Abbreviations: CRP, C-reactive protein; LDH, lactate dehydrogenase; OR, odds ratio; RR, respiratory rate.

Fig. 2.

Discrimination (a) and calibration (b) of the multivariable model and discrimination (c) of the PREDI-CO score in the derivation cohort. Discrimination (d), calibration (e) and discrimination (f) of the PREDICO score in the validation cohort.

Assignment of points on the basis of the β coefficient for these eight independent variables generated an individual risk score for each patient ranging from 0 to 9 (Table 4).
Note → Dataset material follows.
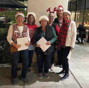 Several members answered the call to sing Christmas Carols at the Mission Marketplace shopping center on a balmy December evening. WCV was invited to sing for an hour and receive $250 for our club. It was a little awkward at first, but after a few songs we sounded great! Many shoppers waived, smiled and stopped to listen to the familiar holiday music. We had so much fun we would do it again for free!

Median PREDI-CO score was 4 (IQR 2–7) (see Supplementary material, Fig. S3a).

In the derivation cohort, the area under the ROC curve of the PREDI-CO score was 0.89 (95% CI 0.86–0.92). At a risk score of >3, the sensitivity, specificity, positive predictive value and negative predictive value were 72% (65%–79%), 86% (89%–92%), 74% (67%–80%) and 89% (85%–91%), respectively. The positive and negative likelihood ratios associated with a >3 score cut-off were 6.73 (95% CI 5.1–8.9) and 0.31 (95% CI 0.25–0.39), respectively (see Supplementary material, Table S1).

In the validation cohort, the PREDI-CO score showed an area under the ROC curve of 0.85 (95% CI 0.81–0.88). At risk score of >3, the sensitivity, specificity, positive predictive value and negative predictive value, and postive likelihood ratio 3.30 (2.65–4.11), negative likelihood ratio 0.27 (0.20–0.36) (Supplementary material, Table S1).
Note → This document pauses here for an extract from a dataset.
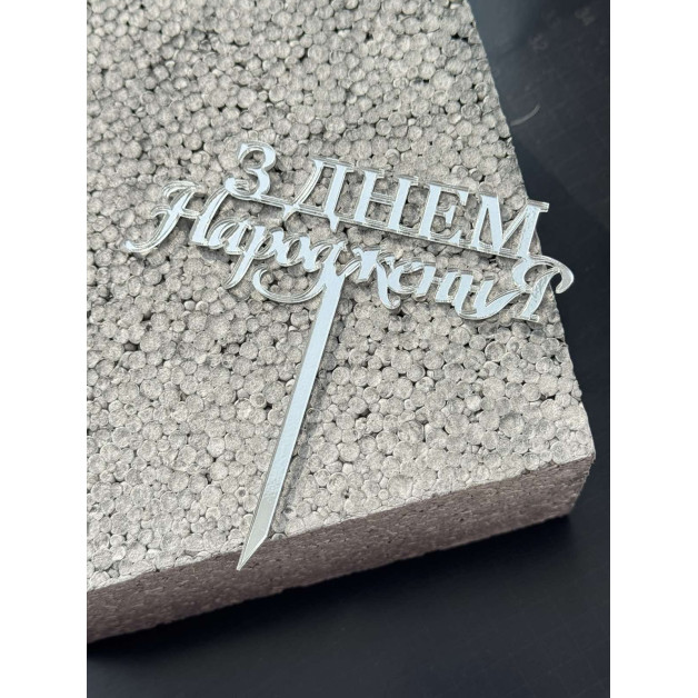Топер пластик "З днем народження "-срібло

Finally, according to the ROC curve analysis the prediction ability for SRF of our score was higher than that of SOFA, qSOFA, CURB-65 and MEWS scores in both the derivation (Fig. 3 a) and validation (Fig. 3b) cohorts.

	Derivation cohort			Validation cohort
	AUC	Lower 95% CI	Upper 95% CI	AUC	Lower 95% CI	Upper 95% CI
PREDI-CO score	0.89	0.86	0.92	0.85	0.81	0.88
SOFA	0.73	0.68	0.78	0.74	0.69	0.79
qSOFA	0.71	0.66	0.76	0.61	0.56	0.65
CURB-65	0.72	0.67	0.77	0.64	0.59	0.68
MEWS	0.66	0.61	0.72	0.62	0.56	0.67

Abbreviations: AUC area under the curve MEWS Modified Early Warning Score, SOFA Sequential Organ Failure Assessment.

Fig. 3.

Comparison of prediction ability for severe respiratory failure in hospitalized individuals with a diagnosis of COVID-19 of the PREDICO score with qSOFA, SOFA, CURB-65 and MEWS scores. (a) Derivation cohort; (b) validation cohort.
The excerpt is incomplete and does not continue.